The teachers chosen as mentors are “thrilled,” according to Collacchi. Other projects, such as a girl’s research into interior design, require community mentors who are also eager to volunteer.

Collacchi also reported on the Student Assistant program, a variation on peer tutoring introduced last year. In Student Assistant, seventh-and eighth-graders who are strong in a content area are invited to visit another classroom and coach less-proficient students. “They need academic skills and also interpersonal skills,” Collacchi said. “They need to understand the privacy of the students they’re working with. And they need to be independent and self-motivated.”

The program started last year, with three eighth-graders helping out in science classes. This year seven seventh-graders and three eighth-graders are helping out in math and science, she said.

The students need to be recommended by the prior year’s teacher, and they need to have parental approval, Collacchi said, because Student Assistant will take them out of one of their own classes. The decision is made judiciously, she said. “A student can be pulled from Physical Education if they’re active in sports, or from music if they took it in sixth grade,” she said.

Chairman Nancy Hendricks asked about the new math curriculum, Math In Focus, now in its third year. She has not seen any hard data on its success, she said.

Collacchi said Math In Focus is the primary math program for all three grades. Some seventh-graders qualify for pre-algebra and some eighth-graders for algebra, she said, but for most of the students it’s Math In Focus.

“Anecdotally, teachers have told me they’re pleased on how far they are able to get in the curriculum with this program,” she told the board. Recent eighth-grade testing found LMS ahead of the state — and ahead of the country, she said.

Mary Wing Soares, an LMS teacher and faculty representative to the board, said, “I use it in the eighth grade and the kids are ‘eating it up.’ They understand concepts more clearly.”
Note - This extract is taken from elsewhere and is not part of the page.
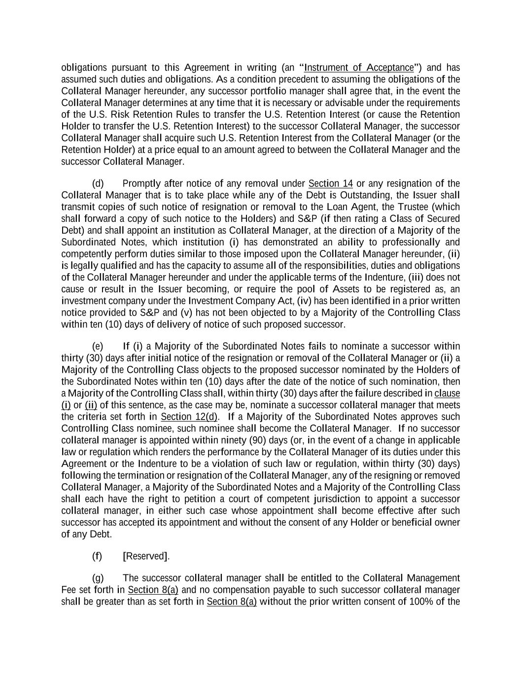 obligations pursuant to this Agreement in writing (an “Instrument of Acceptance”) and has assumed such duties and obligations. As a condition precedent to assuming the obligations of the Collateral Manager hereunder, any successor portfolio manager shall agree that, in the event the Collateral Manager determines at any time that it is necessary or advisable under the requirements of the U.S. Risk Retention Rules to transfer the U.S. Retention Interest (or cause the Retention Holder to transfer the U.S. Retention Interest) to the successor Collateral Manager, the successor Collateral Manager shall acquire such U.S. Retention Interest from the Collateral Manager (or the Retention Holder) at a price equal to an amount agreed to between the Collateral Manager and the successor Collateral Manager. (d) Promptly after notice of any removal under Section 14 or any resignation of the Collateral Manager that is to take place while any of the Debt is Outstanding, the Issuer shall transmit copies of such notice of resignation or removal to the Loan Agent, the Trustee (which shall forward a copy of such notice to the Holders) and S&P (if then rating a Class of Secured Debt) and shall appoint an institution as Collateral Manager, at the direction of a Majority of the Subordinated Notes, which institution (i) has demonstrated an ability to professionally and competently perform duties similar to those imposed upon the Collateral Manager hereunder, (ii) is legally qualified and has the capacity to assume all of the responsibilities, duties and obligations of the Collateral Manager hereunder and under the applicable terms of the Indenture, (iii) does not cause or result in the Issuer becoming, or require the pool of Assets to be registered as, an investment company under the Investment Company Act, (iv) has been identified in a prior written notice provided to S&P and (v) has not been objected to by a Majority of the Controlling Class within ten (10) days of delivery of notice of such proposed successor. (e) If (i) a Majority of the Subordinated Notes fails to nominate a successor within thirty (30) days after initial notice of the resignation or removal of the Collateral Manager or (ii) a Majority of the Controlling Class objects to the proposed successor nominated by the Holders of the Subordinated Notes within ten (10) days after the date of the notice of such nomination, then a Majority of the Controlling Class shall, within thirty (30) days after the failure described in clause (i) or (ii) of this sentence, as the case may be, nominate a successor collateral manager that meets the criteria set forth in Section 12(d). If a Majority of the Subordinated Notes approves such Controlling Class nominee, such nominee shall become the Collateral Manager. If no successor collateral manager is appointed within ninety (90) days (or, in the event of a change in applicable law or regulation which renders the performance by the Collateral Manager of its duties under this Agreement or the Indenture to be a violation of such law or regulation, within thirty (30) days) following the termination or resignation of the Collateral Manager, any of the resigning or removed Collateral Manager, a Majority of the Subordinated Notes and a Majority of the Controlling Class shall each have the right to petition a court of competent jurisdiction to appoint a successor collateral manager, in either such case whose appointment shall become effective after such successor has accepted its appointment and without the consent of any Holder or beneficial owner of any Debt. (f) [Reserved]. (g) The successor collateral manager shall be entitled to the Collateral Management Fee set forth in Section 8(a) and no compensation payable to such successor collateral manager shall be greater than as set forth in Section 8(a) without the prior written consent of 100% of the

Board member Leitha Reilly said, “A lot of questions have come up about math and reading, in recent years. We are addressing it in a way that is unique to every child, but still allows teachers to teach the fundamentals.”

Reilly said she is pleased that while students who struggle are being worked with, “Kids with a super grasp of the subject are allowed to charge forward.”

She praised the “marriage of technology and achievement in education” and said, “We are doing a better job.”

The board voted 4-0 to approve the curriculum plan.